CONCLUSION: Hadley type IIA odontoid fractures are inherently unstable and impede proper realignment. These fractures have a significantly increased risk for secondary loss of reduction and bony nonunion, particularly after nonoperative management. Early surgery should be considered to avoid further complications.”
“Currently, similar to 20 genetic variants are known to cause Mendelian forms of human epilepsy, leaving a vast heritability undefined. Rodent models for genetically complex epilepsy have been studied for many years, but only
recently have strong candidate genes emerged, including Cacna1 g in the GAERS rat model of absence epilepsy and Kcnj10 in HM781-36B order the low seizure threshold of DBA/2 mice. In parallel, a growing number of mouse mutations studied on multiple strain backgrounds reveal the impact of genetic selleck compound modifiers on seizure severity, incidence or form – perhaps mimicking the complexity seen in humans. The field of experimental genetics in rodents is poised to study discrete epilepsy mutations on a diverse choice of strain backgrounds to develop better models and identify modifiers. But, it must find the right balance between embracing the strain diversity available, with the ability to detect and characterize
genetic effects. Using alternative strain backgrounds when studying epilepsy many mutations will enhance the modeling of epilepsy as a complex genetic disease.”

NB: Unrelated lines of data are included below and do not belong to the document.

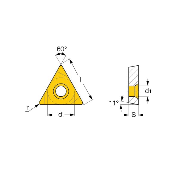 Insert de tournage Iscar insert TPGX 221 insert triangulaire profondeur de coupe maximale de 3 mm cercle inscrit de 6 35 mm épaisseur de 3 18 mm 11 sièges râteau positif disjoncteur L rayon d'angle de 0 4 mm diamètre de trou de 3 5 mm grade du fabricant : IC20N Code ANSI : TPGX 221-L IC20N ISO : TPGX 110304-L IC20N Angle de 60 degrés inclus angle de décharge de 11 degrés coupe à gauche carbure non revêtu Grade : M P devant servir sur : acier inoxydable et acier
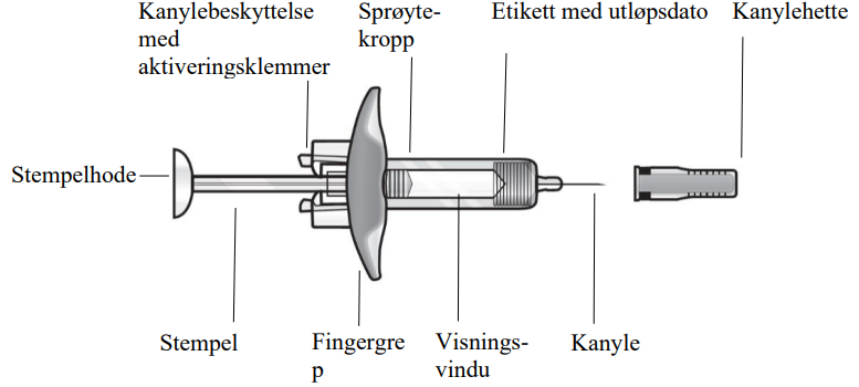 Dersom noe av det ovennevnte skjer, kast sprøyten i en punkteringssikker beholder beregnet for å kaste kanyler og bruk en ny ferdigfylt sprøyte.
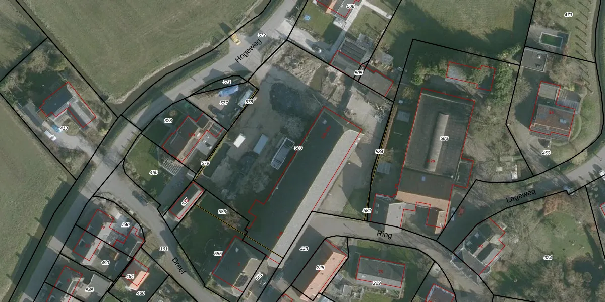 Het perceel waarop Hogeweg 12-g staat heeft een oppervlakte van 2569 m². Dit is een zeer groot perceel. De perceeloppervlakte wordt geregistreerd door het Kadaster. Gedetailleerde informatie over de maten van dit perceel kunt u vinden in het rapport Kadastrale kaart met maatvoering van Hogeweg 12-g.
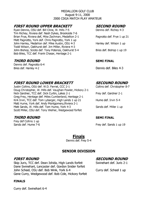 The 2000 CDGA Amateur Championship was a multi-day tournament held at Medallion Club in Westerville, OH.
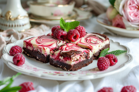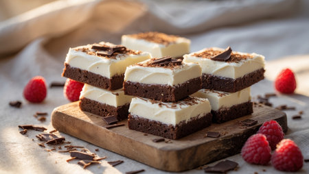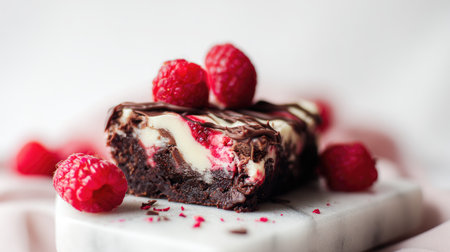 A close-up shot presents a brownie dessert topped with fresh red raspberries. The dessert exhibits a layered structure with dark chocolate and creamy white filling. The composition features a shallow depth of field, with soft lighting and a blurred background. Suitable for culinary, food, or lifestyle publications.
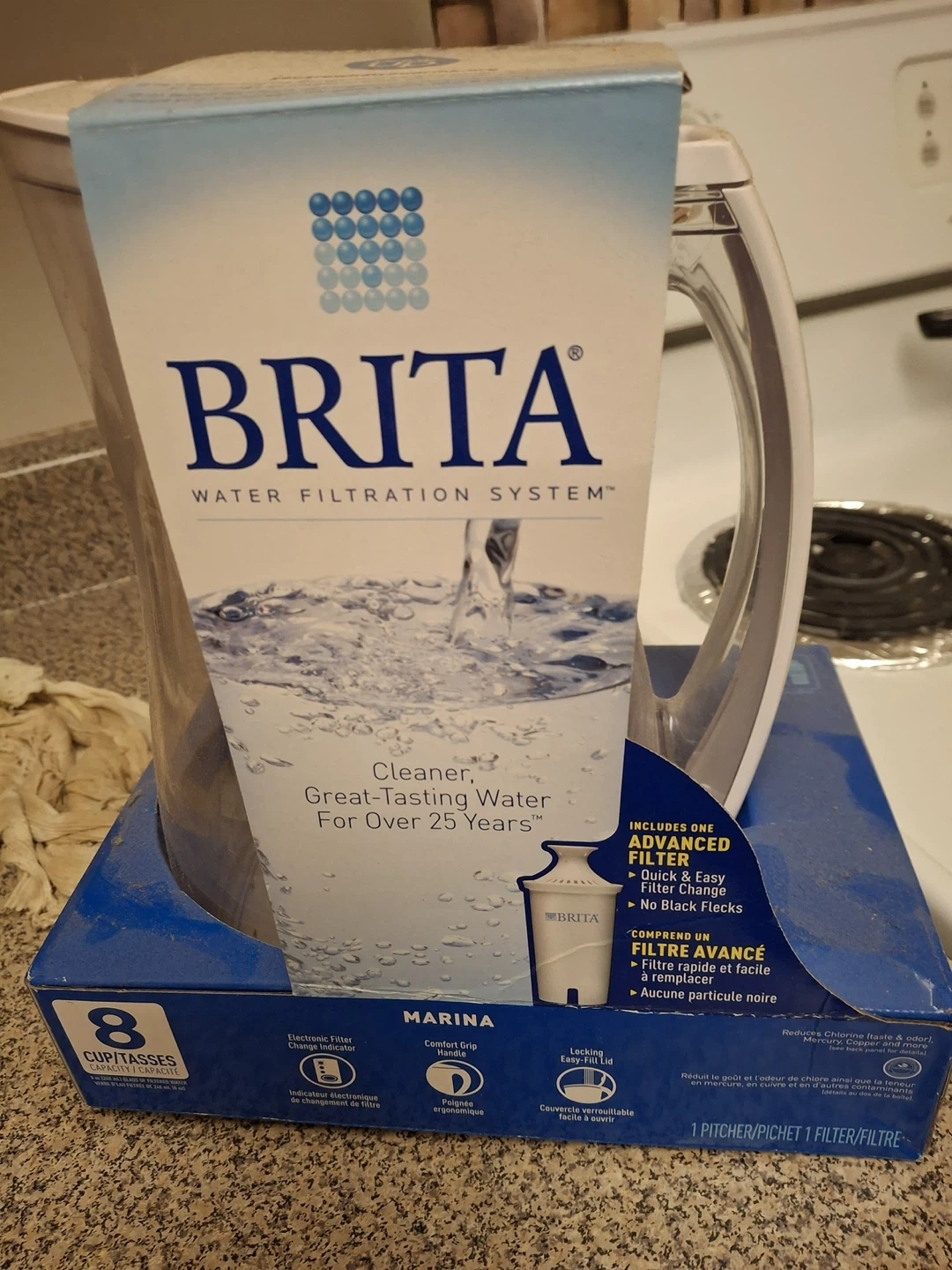 Brita Marina water filtration system for cleaner, great-tasting water. It's an 8-cup capacity pitcher. Comes with one advanced filter, featuring quick and easy filter change and no black flecks.

“BACKGROUND: There is still some reluctance to refer pediatric patients for epilepsy surgery, despite evidence of success in retrospective series.
OBJECTIVE: To describe surgical experience and long-term outcome in pediatric temporal lobe epilepsy (TLE) at a single institution.
METHODS: Retrospective review of pediatric (<18-years-old) TLE patients who underwent surgery between November 1996 and December 2006 at Cleveland Clinic Epilepsy Center. Cox proportional hazard modeling was used to assess outcome predictors.
RESULTS: One hundred thirty pediatric patients met study criteria. Mean
time between seizure onset and surgery was 6.3 years. Invasive evaluation was used in 32 patients (24.5%). Hippocampal sclerosis was present in 70 patients (53.8%), either alone or associated in dual pathology. The complication rate was 7%. The seizure-freedom rates at 1, 2, 5, and 12 years were 76%, 72%, 54%, and 41%, respectively (Kaplan-Meier). With the use of the Engel outcome classification, 98 (75.3%) patients were class I, 11 (8.5%) class II, 9 (7%) class III, and 12 (9.2%) were class IV at last follow-up. Only 4 (3.1%) patients underwent reoperations. Antiepileptic drugs (AEDs) were discontinued in 36 patients (28.3%) in a mean period of 18 months (SD +/- 17 months; range, 6-102 months).